The team created an inexpensive attachment for smartphones that can perform automated antimicrobial susceptibility testing. Here’s how the device is designed to work in clinical settings, according to the UCLA news release:
• The device that connects to a smartphone has a plate that holds up to 96 wells for testing;
• Each sample is illuminated by an array of light-emitting diodes (LEDs);
• The smartphone’s camera senses small changes in the light transmission of each well containing a different dose selected from a panel of antibiotics;
• Images go to a server to automatically perform antimicrobial susceptibility testing;
• Results are reported to the smartphone in about one minute.
Results with 98.2% Accuracy
The mobile test reader met the US Food and Drug Administration (FDA) criteria for lab testing with a 98.2% accuracy rate. The UCLA clinical tests targeted Klebsiella pneumonia, a bacterium with highly resistant antimicrobial profiles, noted the researchers.
“This species of bacteria can exhibit highly resistant antimicrobial profiles and contain members of the Carbapenem-resistant Enterobacteriaceae with a very high mortality rate in disease states including sepsis and pneumonia,” the researchers wrote in Scientific Reports.
Study results were depicted as either susceptible to antibiotics or resistant to them.
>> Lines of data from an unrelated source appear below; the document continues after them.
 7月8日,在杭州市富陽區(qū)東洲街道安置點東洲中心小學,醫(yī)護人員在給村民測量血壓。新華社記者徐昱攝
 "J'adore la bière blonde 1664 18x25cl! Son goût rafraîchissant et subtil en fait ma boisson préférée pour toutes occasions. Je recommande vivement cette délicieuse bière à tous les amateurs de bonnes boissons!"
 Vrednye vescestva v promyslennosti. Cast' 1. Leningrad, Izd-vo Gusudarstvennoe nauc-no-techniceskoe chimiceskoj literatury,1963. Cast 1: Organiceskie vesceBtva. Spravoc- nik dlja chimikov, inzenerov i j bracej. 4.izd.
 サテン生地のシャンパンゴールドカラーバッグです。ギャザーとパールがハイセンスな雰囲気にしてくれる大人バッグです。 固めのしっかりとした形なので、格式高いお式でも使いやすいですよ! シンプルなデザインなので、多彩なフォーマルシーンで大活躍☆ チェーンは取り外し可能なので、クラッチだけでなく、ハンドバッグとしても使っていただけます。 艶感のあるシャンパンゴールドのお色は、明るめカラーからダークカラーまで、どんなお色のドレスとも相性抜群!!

In other words, a susceptible designation implied the organisms causing the disease responded to therapy with the tested concentration of drug, and the resistant tag implied otherwise, noted an article in CrazyEngineers.
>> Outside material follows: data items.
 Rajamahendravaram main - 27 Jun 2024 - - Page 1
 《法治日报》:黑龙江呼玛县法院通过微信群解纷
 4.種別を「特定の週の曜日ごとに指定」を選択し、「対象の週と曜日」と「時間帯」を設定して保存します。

“We validated the capability of our cellphone-based antimicrobial susceptibility testing system to perform highly accurate minimum inhibitory concentration determination and drug susceptibility interpretation, greatly exceeding the FDA-defined criteria for susceptibility testing with clinical isolates of the bacterium Klebsiella pneumonia,” the researchers concluded in Scientific Reports.
Broadening Test Use, Reducing Costs, Faster Results
The UCLA smartphone diagnostic device is another example of POCT technology that, were it to become widely available, would greatly affect clinical laboratories and patient care. According to the researchers, in resource-limited settings, a lab technician trained in the use of the device could replace an expert diagnostician. But what about medical laboratories around the world?
“The mobile reader could eliminate the need for trained diagnosticians to perform antimicrobial susceptibility testing, reduce the cost barrier for routine testing, and assist in tracking of bacterial resistance globally,” said Omai Garner, PhD, Health Sciences Assistant Clinical Professor and Associate Director Clinical Microbiology at UCLA Health System. Garner collaborated with Ozcan on the research.
Research partner, Dino Di Carlo, PhD, Professor of Bioengineering in Engineering at UCLA, added another advantage: “There’s a possibility of examining bacterial growth in the presence of a drug at an earlier time point than is currently read [about 24 hours]. This could allow for a more rapid turnaround time of the results to the physician, which might help save lives,” he said in the UCLA news release.
Ozcan Research Worth Watching
This new UCLA study by Ozcan et al appears to be another step in the professor’s pursuit of research addressing worldwide health challenges. Dark Daily readers might recall previous e-briefings about his other innovative developments including:
• Integration of imaging capabilities into a lab-on-a-chip format (see Dark Daily, “Lab-on-a-Chip Diagnostics: When Will Clinical Laboratories See the Revolution?,” September 9, 2016); and
• An inexpensive smartphone device to produce holograph images of tissue samples at the cellular level (see Dark Daily, “UCLA Researchers Develop Lens-Free Smartphone Microscope, Pathologists May Be Able to Take the Clinical Pathology Laboratory Just About Anywhere,” July 12, 2015).
For pathologists and medical laboratory leaders, ongoing research by Ozcan is important to note. Ultimately, access to an easy-to-use automated diagnostic test reader attached to a smartphone could enable more doctors to make earlier diagnoses and begin treatments that could save many lives.